[THE DATA]
● ● ● ●
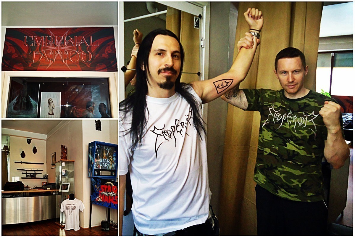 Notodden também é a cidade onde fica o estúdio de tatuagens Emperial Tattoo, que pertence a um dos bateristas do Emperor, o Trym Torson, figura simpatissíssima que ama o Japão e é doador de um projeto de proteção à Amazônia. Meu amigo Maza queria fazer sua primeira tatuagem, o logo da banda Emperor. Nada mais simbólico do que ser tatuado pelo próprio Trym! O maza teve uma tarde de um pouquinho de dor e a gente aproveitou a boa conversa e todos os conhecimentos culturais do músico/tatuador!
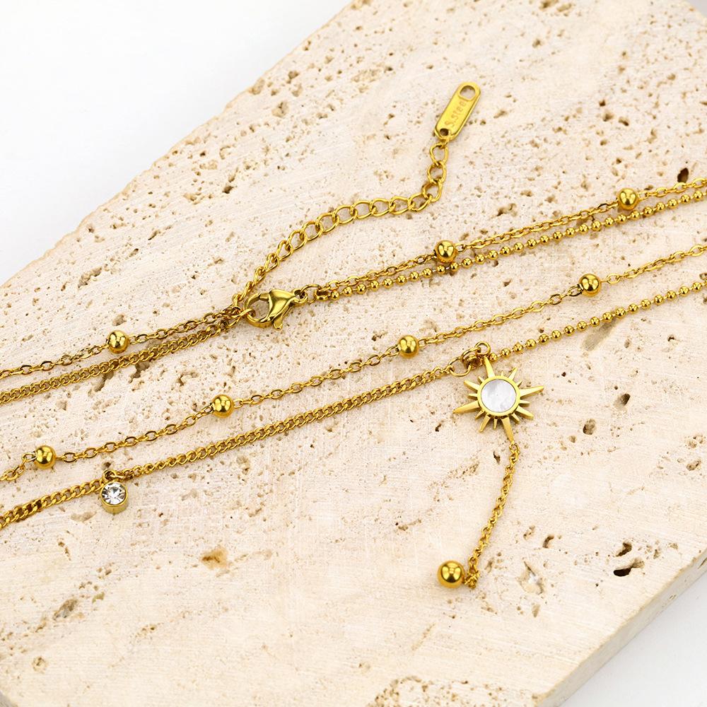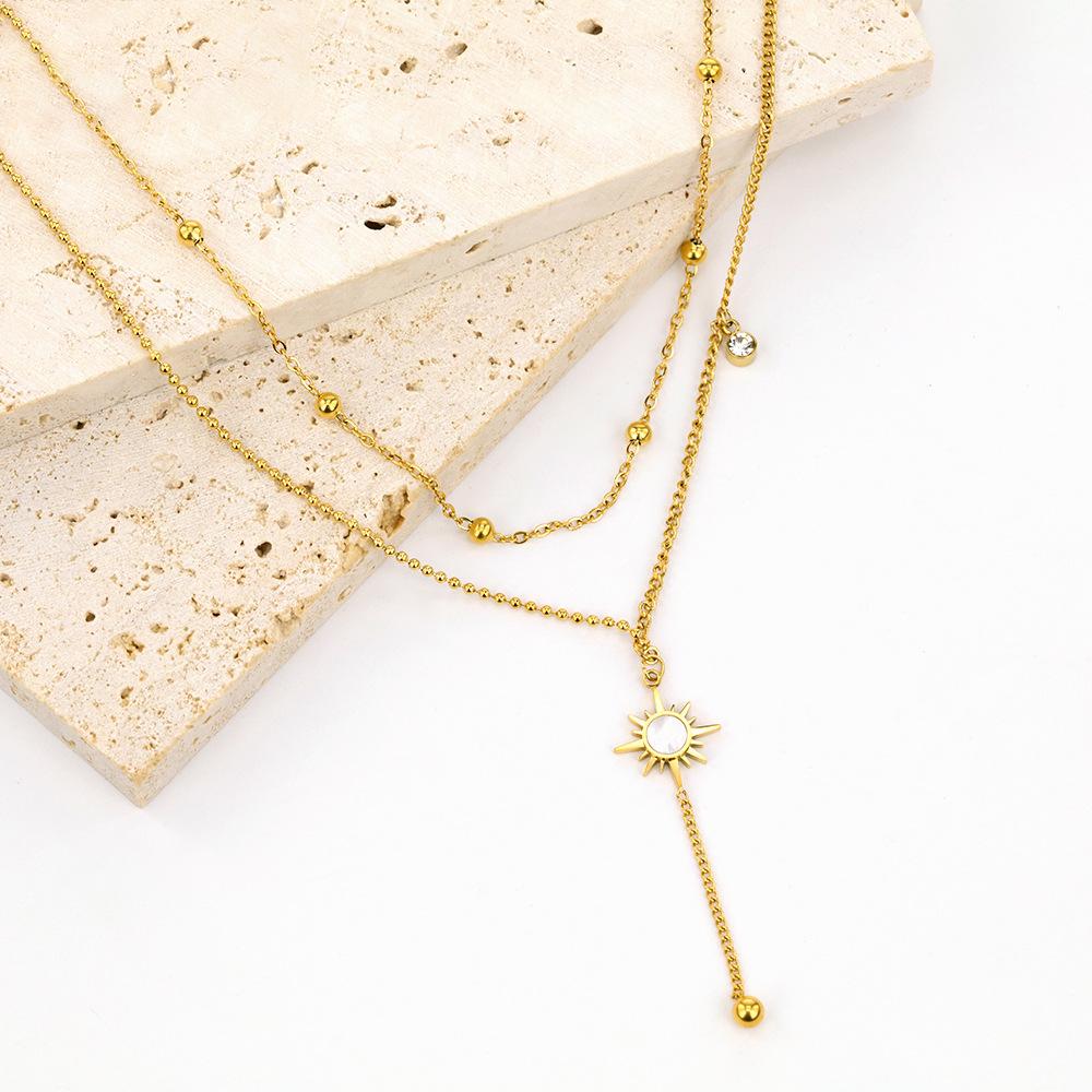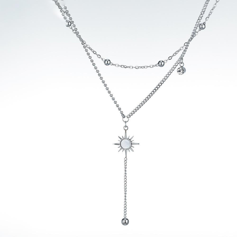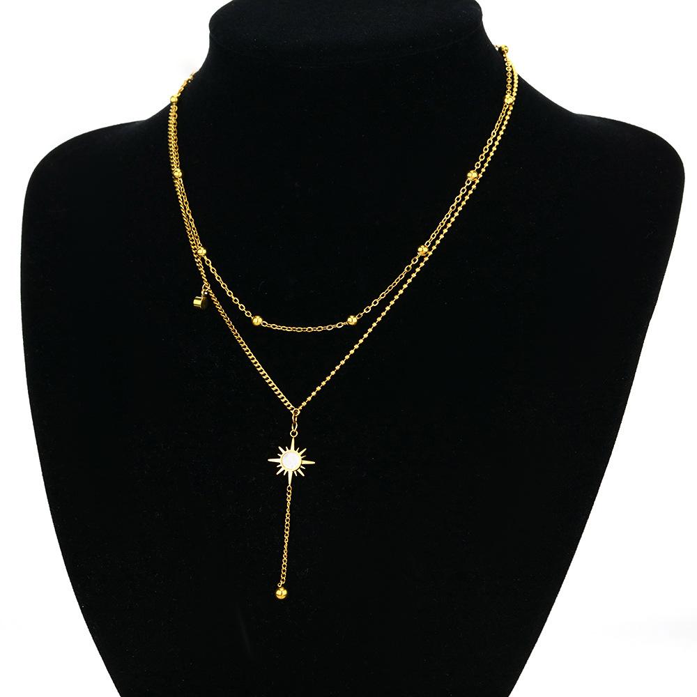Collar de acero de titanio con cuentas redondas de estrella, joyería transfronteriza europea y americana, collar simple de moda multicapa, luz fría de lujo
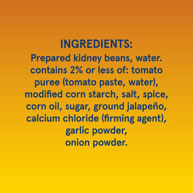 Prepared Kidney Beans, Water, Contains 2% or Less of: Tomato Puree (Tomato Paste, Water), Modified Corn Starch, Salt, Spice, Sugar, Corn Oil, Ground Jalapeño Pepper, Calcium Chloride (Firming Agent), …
● ● ● ●
[WORK REQUIRED] Would you please set down the listing above exactly, minus its images?

[REPLY]
 Notodden também é a cidade onde fica o estúdio de tatuagens Emperial Tattoo, que pertence a um dos bateristas do Emperor, o Trym Torson, figura simpatissíssima que ama o Japão e é doador de um projeto de proteção à Amazônia. Meu amigo Maza queria fazer sua primeira tatuagem, o logo da banda Emperor. Nada mais simbólico do que ser tatuado pelo próprio Trym! O maza teve uma tarde de um pouquinho de dor e a gente aproveitou a boa conversa e todos os conhecimentos culturais do músico/tatuador!
Collar de acero de titanio con cuentas redondas de estrella, joyería transfronteriza europea y americana, collar simple de moda multicapa, luz fría de lujo
 Prepared Kidney Beans, Water, Contains 2% or Less of: Tomato Puree (Tomato Paste, Water), Modified Corn Starch, Salt, Spice, Sugar, Corn Oil, Ground Jalapeño Pepper, Calcium Chloride (Firming Agent), …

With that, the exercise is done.